[英]How to find max and min within sequence of values in a column in R?
This problem might be trivial but I am finding it difficult to solve it. 这个问题可能微不足道,但我发现很难解决。 Please guide me.
请指导我。
Following is sample data: 以下是示例数据:
structure(list(Vehicle.ID2 = c("39-25", "39-25", "39-25", "39-25",
"39-25", "39-25", "39-25", "39-25", "39-25", "39-25", "39-25",
"39-25", "39-25", "39-25", "39-25", "39-25", "39-25", "39-25",
"39-25", "39-25", "39-25", "39-25", "39-25", "39-25", "39-25",
"39-25", "39-25", "39-25", "39-25", "39-25", "39-25", "39-25",
"39-25", "39-25", "39-25", "39-25", "39-25", "39-25", "39-25"

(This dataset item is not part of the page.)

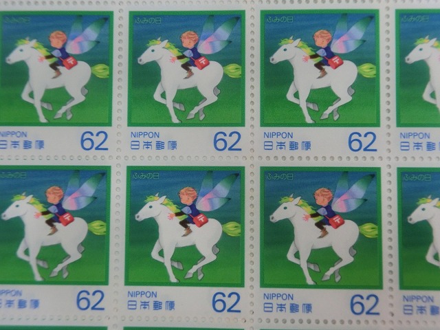 -----------------------商品説明-----------------------■品物 62円切手 夢の草原 ふみの日 50枚シート ■状態 美品 ※完品 折り目、汚れ、ホッチキス跡などがない、とても綺麗なお品。 ※美品 パッと見て綺麗なお品ですが、中央の折り目やホッチキスの跡、目立たないシミなどが有る場合があります。 ※並品 パッと見で、汚れ等があるお品。 ■カラーマーク シリーズや発売時期により、カラーマークの有無や、場所などが異なりますが、 当店では選べません。 ■在庫 在庫については、店舗販売もしておりますので、 ご注文頂いた全てをご用意できない場合もございます。 カートに在庫がない場合にもお問い合わせいただければご相談をお受けいたします。 ■切手の種類 □普通切手とは 現在郵便局で普通切手とし販売されている物です。通常切手とも言われてます。 □記念切手とは 過去に販売された特殊切手・ふるさと切手・グリーティング切手、旧普通切手です。 □別納用切手 郵便局へのお支払いに、現金の代わりに切手でお支払いできる切手(別納用)です。 料金別納郵便、料金受取人払い、ゆうパック、国際郵便EMSのコスト削減に利用できます。 □別納用切手 台紙貼り A3サイズコピー用紙に別納用切手を貼ったものです。切 ■普通切手の歴史 日本最初の切手は竜切手 国家元首の肖像を意匠とすることの多い世界的傾向とは異なり、 天皇の肖像を意匠としたことはないが、 天皇の身代わりとして明治から昭和にかけての高額普通切手の意匠に神功皇后の肖像が採用されたことはある。 これには明治天皇の意向が反映されているといわれている。 明治初期に紙幣と切手製造の基礎を構築した、イタリア人技術者エドアルド・キヨッソーネは、 日本も紙幣や切手に国家元首の肖像(御真影。これ自体、彼の手になる肖像画を、 写真撮影したものである。)を使うのが妥当であるとしていた。 しかし、明治天皇が生来の写真嫌いで拒否されたという。 天皇が神格化されたこともあって、天皇を切手の意匠とするのはタブーとされるようになった。 以降、日本では記念・特殊切手も含めて在位中の天皇が切手の意匠になったことはない。 明治から昭和初期にかけては証票的な意匠となっていたが、 それ以降は徐々に具体的なモチーフを意匠とすることが多くなった。 第二次世界大戦中には逓信省も戦意昂揚の一翼を担い、大東亜共栄圏の地図や戦闘機、 少年航空兵、靖国神社など国家主義的、軍国主義的な意匠となった。 戦後は一転して産業、風景、動植物、文化財を意匠とするようになった。 このような事情を踏まえた切手収集家による分類方法が確立している(後述)。 なお、「昭和」「平成」といった元号名が含まれるシリーズ名があるが、 改元は普通切手のシリーズ変更と直接の関係はないため、 普通切手シリーズの発売期間は必ずしも時代ごとの区分と一致しない。 現在、郵便事業を担う日本郵便の発行する普通切手のテーマは 「日本の自然」であり、日本国内に生息する鳥類や花や昆虫を意匠としている。 日本切手カタログ(さくら日本切手カタログ・日本切手専門カタログ・ビジュアル日本切手カタログ)には 「平成切手」というシリーズ名称で収録されており、切手収集家の間でも使用されている。 ◇日本の切手の有効性 下記以外の切手は、たとえ銭位・厘位であっても無効を定めた法令がないため、 現在でも使用可能である。 したがって現在有効な最古の切手は1876年(明治9年)発行の5厘切手(旧小判切手)である。 なお銭は円の百分の一、厘は銭の十分の一である。 手彫切手(竜文切手、竜銭切手、桜切手及び鳥切手)と 旧小判切手(5厘を除く)は法令により1889年12月1日以降使用禁止となった。 「第一回国勢調査紀念切手」(1920年9月25日発売)は発売開始当初から有効期限(1921年3月31日迄)が定められていた。 第二次世界大戦後、GHQから軍国主義的あるいは神道等の象徴に関係があると みなされた切手や葉書(いわゆる追放切手)は法令[8]により1947年9月1日以降使用禁止となった。 これらは現在でも東京中央郵便局で現行の有効な切手および葉書に引き換えることができる。 ■日本の普通切手の一覧 □竜文切手 1871年 日本最初の切手、通貨制度が江戸時代と同じだったため額面が「文」表示。 目打が無く、裏面に糊もついていなかった。 □竜銭切手 1872年 通貨制度近代化により額面が「銭」表示となる。初めて目打が入れられたのもこの切手からである。 □桜切手 1872年 - 1876年 四隅に桜花をあしらっていたことに由来する名称。 途中から在庫管理のため、印面にカナが加えられた。 また、民間の印刷会社である松田印刷が印刷を担ったシリーズも存在する。 カナを含め、数多くのバリエーションがあり、日本切手の収集家の人気が最も高いシリーズである。 この切手の途中から、政府のみが切手の印刷を行うようになる。 このシリーズから切手に菊花紋章を表示するようになった。 □鳥切手 1875年 外国郵便開業に伴い、外

), OC_DV = c(".", ".", ".", ".", ".", "CLDV", ".", ".", ".",
".", ".", ".", ".", ".", ".", "OPDV", ".", ".", ".", ".", ".",
".", ".", ".", ".", ".", ".", ".", ".", ".", ".", ".", ".", ".",
".", "CLDV", ".", ".", "."), frspacing = c(35.83373, 35.75742,
35.70391, 35.67694, 35.67792, 35.70669, 35.7619, 35.84096, 35.93962,
36.05109, 36.16704, 36.28056, 36.3861, 36.47762, 36.5485, 36.59359,
36.61402, 36.61791, 36.61383, 36.60651, 36.59694, 36.58372, 36.56525,
36.54044, 36.50771, 36.46458, 36.40831, 36.33713, 36.25086, 36.15089,
36.04004, 35.92236, 35.80322, 35.68935, 35.58883, 35.51032, 35.4618,
35.4492, 35.47479)), class = c("tbl_df", "tbl", "data.frame"), row.names = c(NA,
-39L), .Names = c("Vehicle.ID2", "OC_DV", "frspacing"))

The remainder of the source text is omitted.